What you describe is fundamentally the difference of data at rest in reports, poured over by data analysts and data in motion, managed by data scientists who are looking for trends, flows, processes. Those static reports built up knowledge, but data in motion IS knowledge.
Big Data is about patterns more than discreet elements of information and that’s where everything changes. There’s a pattern of intelligence that has always been elusive and much like the The Matrix where some people could watch the flow of green 0′s and 1′s to see what was happening in real-time.
I wrote up this idea here: http://successfulworkplace.com/2012/07/23/data-in-motion-divides-the-haves-and-have-nots/
A very thought provoking article. In my opinion application of these concepts have been incubating for some time. Success is in the execution. The need to differentiate data and how it is utilized (i.e. labels of scientist vs. analyst) seems unnecessary. Yes, Ph.D’s with an MBA who want to code may be in short supply, and in 3-5 years do you feel that will still be the ticket to the club?

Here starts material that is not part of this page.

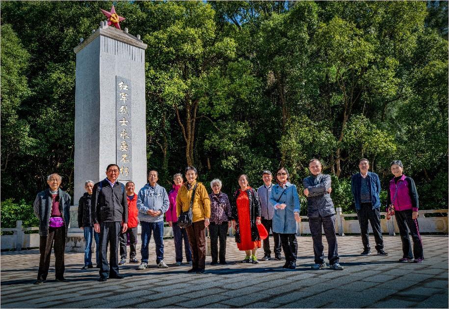 活动的第一站大家来到了连江黄岐厦宫红军纪念园。1934年8月,中国工农红军北上抗日先遣队在潘渡贵安汤岭、降虎一带与国民党87师展开激战,300多名伤病员被县苏区人民抢运到下宫,经过治疗,100多名伤病员痊愈后加入了闽东十三独立团,近200名红军战士在这场战斗中牺牲,并被安葬在这里。连江黄岐厦宫红军纪念园展示了中国工农红军的革命历史和英勇事迹,园内有红军长征途中留下的许多文物和历史遗迹,如红军洞、红军井、红军路等,这些景点让党员们更深入地了解红军长征的历史和艰苦卓绝的斗争环境。老同志们在纪念碑前回顾历史、缅怀先烈,增强了大家的爱国主义情感和民族自豪感。

It sounds like an important skill that is hard to find is the ability to be a boundary spanner. Combine this with the ability to access disparate information, synthesize, and apply it to solve business problems in ways that were not available before. The strength of the big data buzz will be that information value is based in the business unit and not in IT. It’s the concepts of velocity and ubiquity of technology to enable access to the right information that makes big data a big topic to me.
Enjoy the article and good comments above, my take is: Big Data brings opportunities, also some distractions, only the well-mixed analytical team can work seamlessly to solve Big Data Puzzle –The business insight in decision making, customer experience optimization and talent management: http://futureofcio.blogspot.com/2012/08/three-big-insights-from-big-data.html
Big Data also means the full data life cycle management, from data storage, to data governance, but still need keep in mind: Big Data is means to the end, not the end. thanks
As a creative opportunist helping fast growth SMEs innovate from their existing intellectual assets, I find the above article fascinating. It seems to me that the interpretation of the big data gives large companies access to their own speedy Boyd loops in a ways they will not previously have anticipated.
@thomas @paul @randy, thanks for a great summary. I’m currently researching big data for transformation as that will be a channel in the Chief Digital Office [http://chiefdigitaloffice.com], and Enterprise Analytics is a source. [http://bit.ly/eadavaz]. Although implied in points 2 and 3, I’d like to put in that part of the “magic” in big data analytics is knowing what questions to ask, given the data that’s practically available (constantly changing), business goals and users. I say this because my firm has a defined methodology for its Ecosystem Audit offering in which we create analytics for understanding social data and we go far beyond social media monitoring platforms’ reports. As the architect of the methodology, I find it both analytical and creative to use the data to get the answer for the question whose answer you need. We focus on things like trust and how it changes based on interactions, and quantitatively. It can get quite messy, but it works consistently. Given this, I can imagine that traditional data analysts, who are presumably accustomed to structured environments, will have a harder time in the “chaos” of the accelerating, external web, whose data is undoubtedly growing faster than internal structured. You have to be creative with social data because you are measuring human behavior and making logical inferences; thankfully, you can test the models quickly and fairly easily. Thanks again for a great summary!